* **TASK TO CARRY OUT**: Word for word, retype the lines from the one containing "Remove the chilled" to the one containing "Consolle allungabile con" below, keeping both end lines and dropping the pictures.

* **WORKING DATA**:
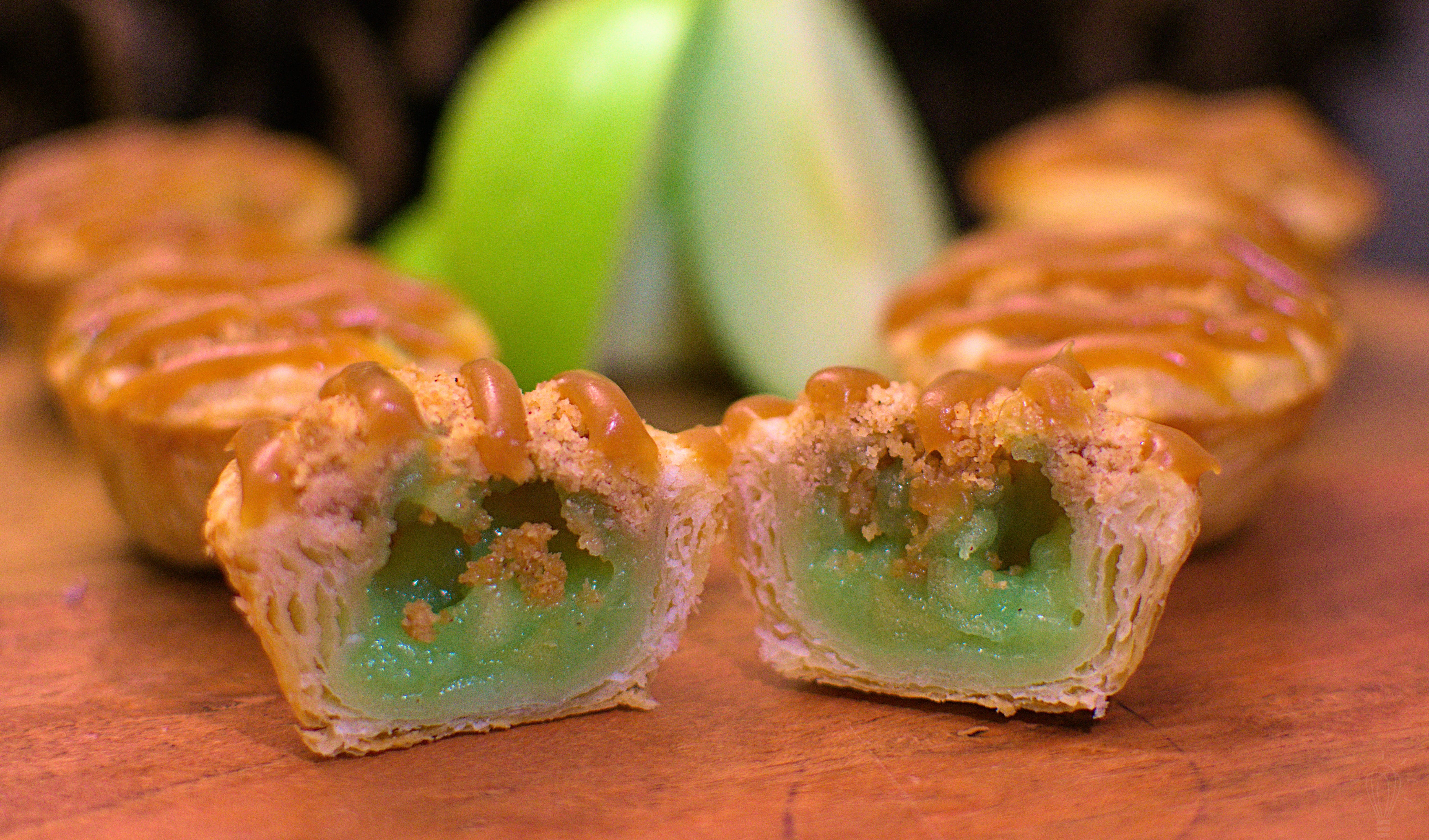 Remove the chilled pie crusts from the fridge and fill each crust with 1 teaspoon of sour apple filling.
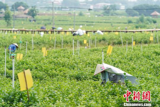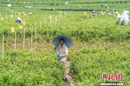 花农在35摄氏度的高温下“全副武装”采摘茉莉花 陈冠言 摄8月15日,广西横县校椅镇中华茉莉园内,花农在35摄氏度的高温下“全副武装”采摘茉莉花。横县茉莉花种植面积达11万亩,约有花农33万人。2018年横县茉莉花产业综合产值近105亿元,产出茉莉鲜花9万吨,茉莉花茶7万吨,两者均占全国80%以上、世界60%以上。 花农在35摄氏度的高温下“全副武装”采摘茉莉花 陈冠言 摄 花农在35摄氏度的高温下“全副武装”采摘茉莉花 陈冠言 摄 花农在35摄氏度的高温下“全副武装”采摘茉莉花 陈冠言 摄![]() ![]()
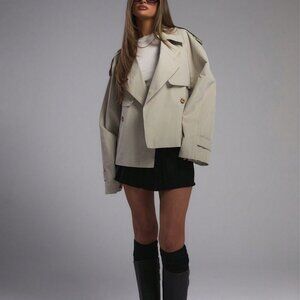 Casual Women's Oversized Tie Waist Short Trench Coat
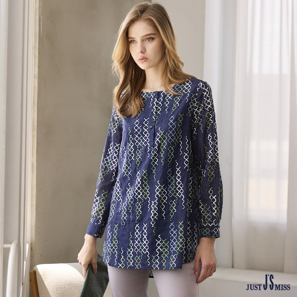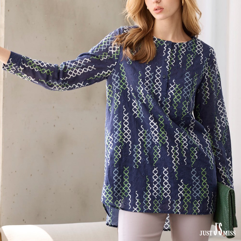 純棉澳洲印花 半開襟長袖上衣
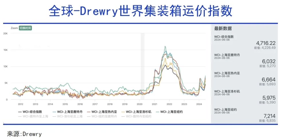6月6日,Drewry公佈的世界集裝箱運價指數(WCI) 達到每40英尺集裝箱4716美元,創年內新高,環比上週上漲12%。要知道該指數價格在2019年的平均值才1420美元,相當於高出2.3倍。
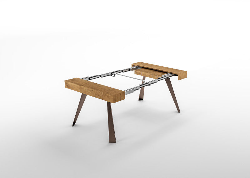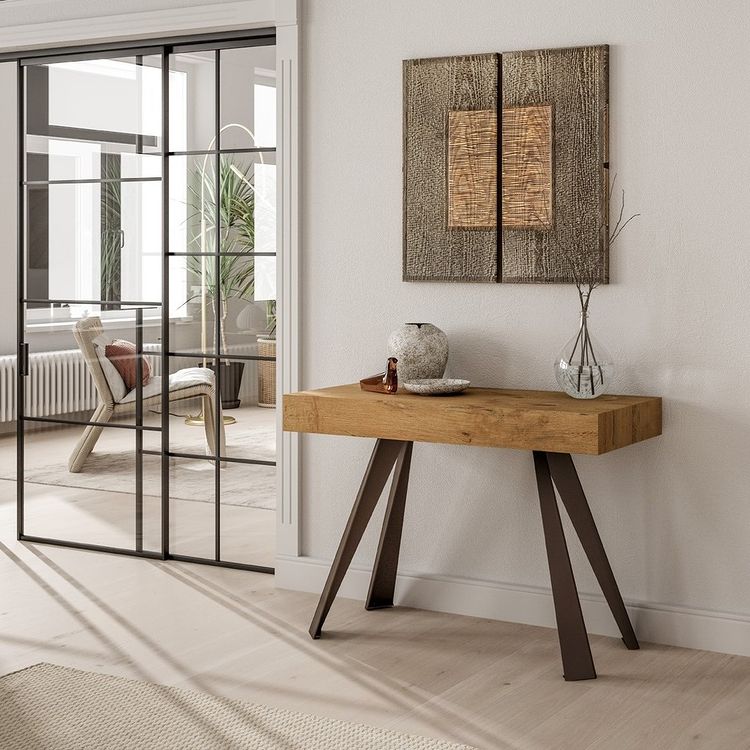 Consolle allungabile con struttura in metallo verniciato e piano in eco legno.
==
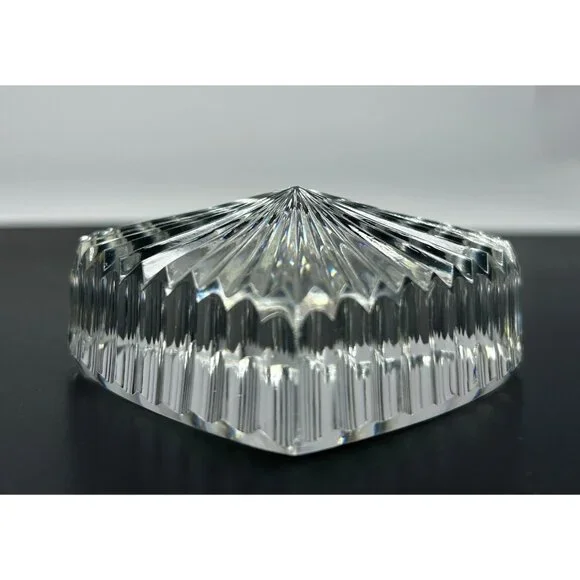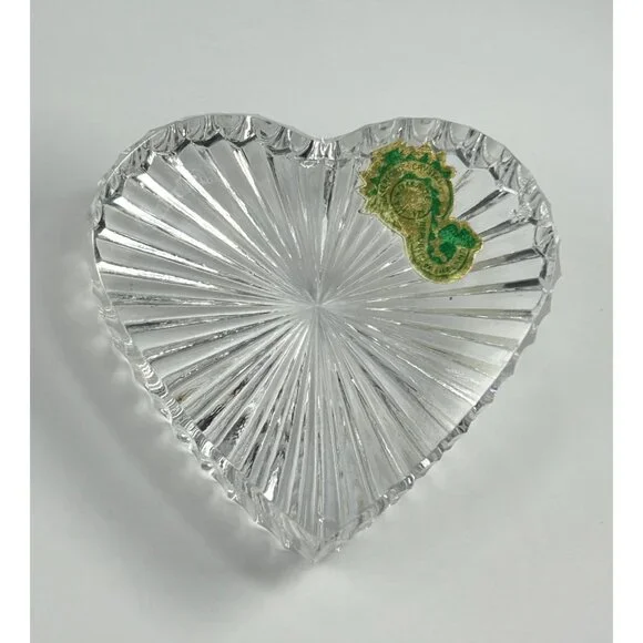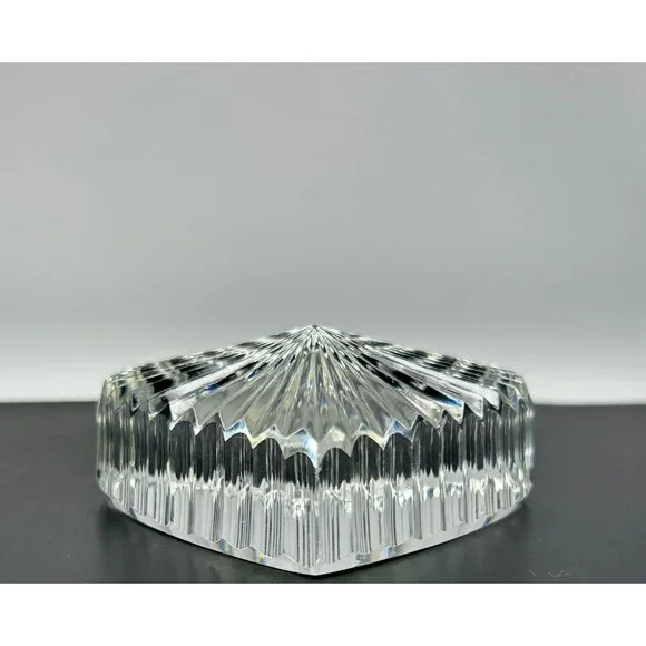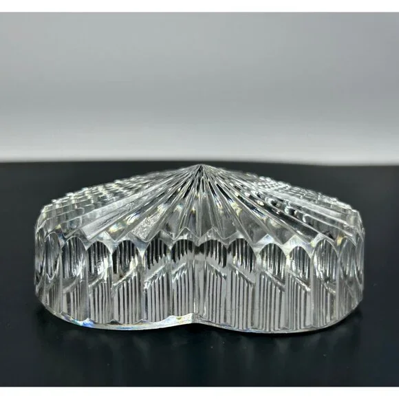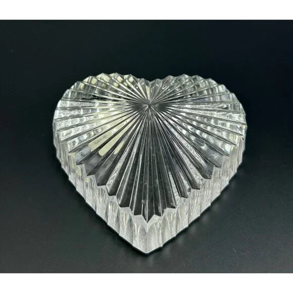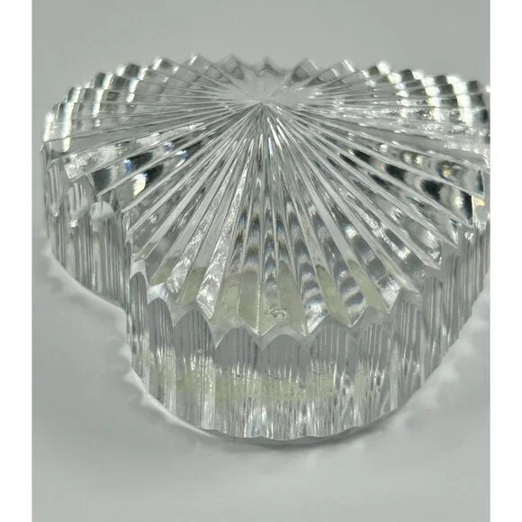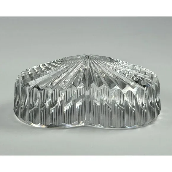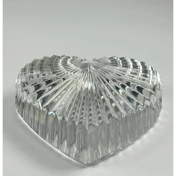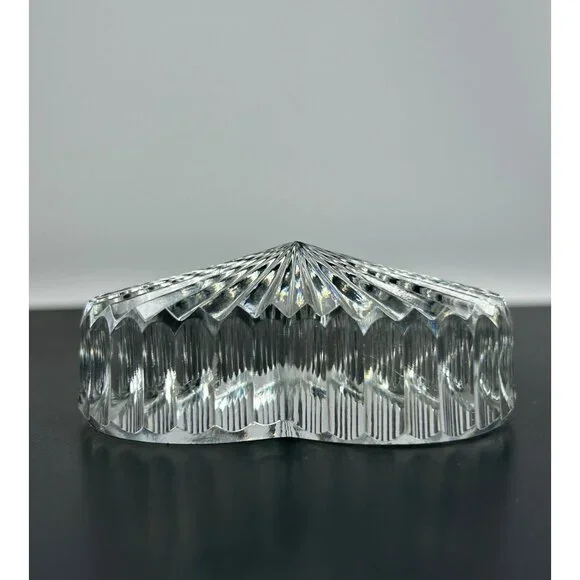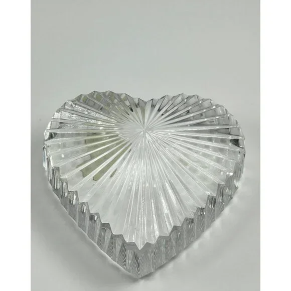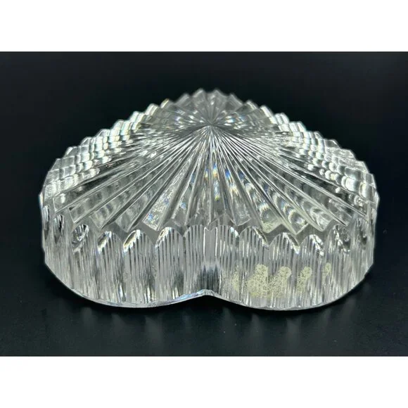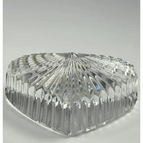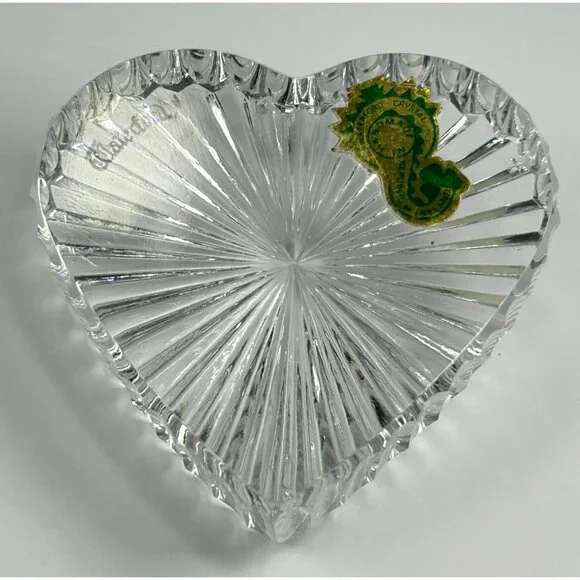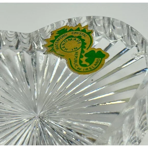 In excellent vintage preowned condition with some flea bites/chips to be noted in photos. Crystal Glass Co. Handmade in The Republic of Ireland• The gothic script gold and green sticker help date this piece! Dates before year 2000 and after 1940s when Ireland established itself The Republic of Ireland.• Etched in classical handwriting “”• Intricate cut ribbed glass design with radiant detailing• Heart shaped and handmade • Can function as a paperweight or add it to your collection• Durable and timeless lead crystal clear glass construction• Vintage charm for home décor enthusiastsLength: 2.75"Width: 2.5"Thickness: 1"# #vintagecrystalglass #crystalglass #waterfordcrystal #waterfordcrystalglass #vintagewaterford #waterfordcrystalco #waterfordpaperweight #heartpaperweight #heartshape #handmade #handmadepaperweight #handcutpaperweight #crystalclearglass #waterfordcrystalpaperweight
--
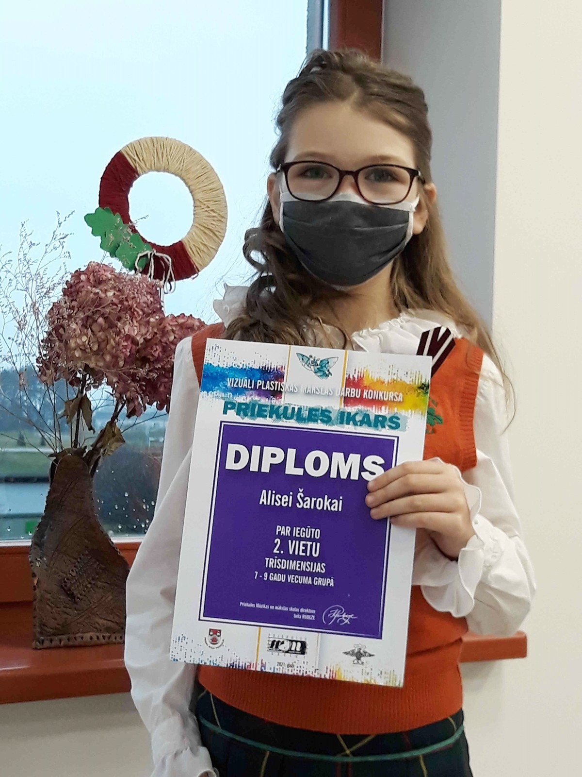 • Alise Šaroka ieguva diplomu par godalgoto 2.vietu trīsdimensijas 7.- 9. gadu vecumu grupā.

* **FINAL ANSWER**:
 Remove the chilled pie crusts from the fridge and fill each crust with 1 teaspoon of sour apple filling.
 花农在35摄氏度的高温下“全副武装”采摘茉莉花 陈冠言 摄8月15日,广西横县校椅镇中华茉莉园内,花农在35摄氏度的高温下“全副武装”采摘茉莉花。横县茉莉花种植面积达11万亩,约有花农33万人。2018年横县茉莉花产业综合产值近105亿元,产出茉莉鲜花9万吨,茉莉花茶7万吨,两者均占全国80%以上、世界60%以上。 花农在35摄氏度的高温下“全副武装”采摘茉莉花 陈冠言 摄 花农在35摄氏度的高温下“全副武装”采摘茉莉花 陈冠言 摄 花农在35摄氏度的高温下“全副武装”采摘茉莉花 陈冠言 摄![]() ![]()
 Casual Women's Oversized Tie Waist Short Trench Coat
 純棉澳洲印花 半開襟長袖上衣
6月6日,Drewry公佈的世界集裝箱運價指數(WCI) 達到每40英尺集裝箱4716美元,創年內新高,環比上週上漲12%。要知道該指數價格在2019年的平均值才1420美元,相當於高出2.3倍。
 Consolle allungabile con struttura in metallo verniciato e piano in eco legno.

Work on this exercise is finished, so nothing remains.